We started working on this before any of the fine-tuning APIs for OpenAI came out, but we are keeping an eye out for support for fine-tuning on more OSS models. I suspect it would result in better results, especially if it were trained on only exceptions, for example.

Interesting! What do you think the main value add is: 1) saving the developer time from tagging known errors themselves? Or 2) is the idea that this would be applied to complete unknown errors, and give a sense of what's going on by labeling it?

Also, how hard was it to set up your own private model instance? I have yet to try that, I've just been playing around with OpenAI's API. Any good tutorials you recommend?
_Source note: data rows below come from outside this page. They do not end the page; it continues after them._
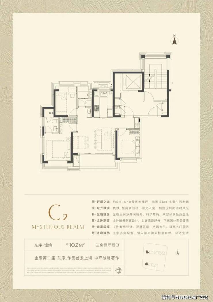 102㎡产品的全新产品,格局上超越了传统意义的三开间朝南,超大尺度的5米横厅,真正实现3.5开间,让业主起居之间沐浴更多阳光的同时,公区尺度感也直逼其他项目建面约100-120㎡户型。
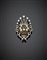 Spilla in oro bianco e giallo a guisa di stemma coronato con diamanti, rubini,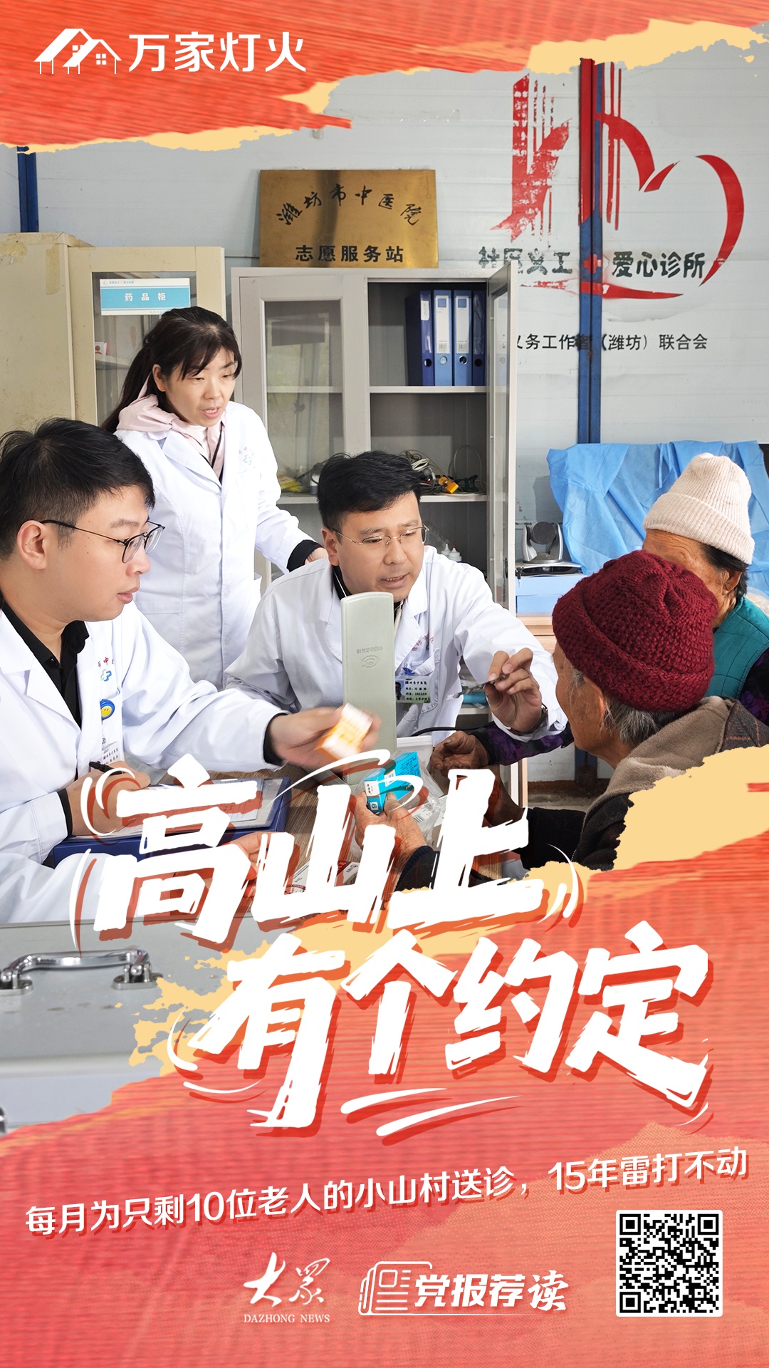 以前村里没有诊所,村民都得到山下的庙子镇杨集社区买药。2011年,潍坊春雨义工了解到这个情况后,在潍坊团市委等部门支持下,在村里建起了“高山爱心诊所”。义工们和老人们约定:每个月的最后一周,不管刮风下雨,都会带着医生护士上山送诊。这个约定,一守就是15年。

Both - tagging errors into broad buckets can help with filtering and searching for categories of errors, while finding similar errors surfaces ones that might be more familiar to an unknown one. We're learning as we go though and also want to surface solutions to errors long term.

As for hosting the model, Hugging Face has a number of guides (ie. [1]) for this but overall the process was quite simple. All you need to do is find a model compatible with the kind of inference you want to do (ie. sentence embeddings vs. text generation). Once it's deployed, Hugging Face gives you an API endpoint similar to OpenAI's embeddings API that returns the embedding vector for a given input. For picking the model, there are a bunch of good resources with benchmarks comparing them depending on the use case (ie. [2]).

[1] https://huggingface.co/blog/getting-started-with-embeddings [2] https://supabase.com/blog/fewer-dimensions-are-better-pgvect...

This is an interesting use case for AI — I spent a lot of time at my previous company messing around with Sentry's grouping interface that was a major PITA. Would have loved to just use natural language instead of weird regex-ish matching.

Curious from y'alls testing, what type of errors do NOT seem to work well / AI has trouble tagging?

The hardest errors to group / tag are ones that are further removed from the actual error cause (think frontend bug that causes a bad request that then causes a backend error, or an OOM because of a gradual memory leak). For these, we're looking at other ways to give more context to the LLM about an error (for example, associating frontend errors with backend ones and providing both as part of the request) but we also have limits on the LLM input size (512 tokens for the mdoel we're using, gte-large).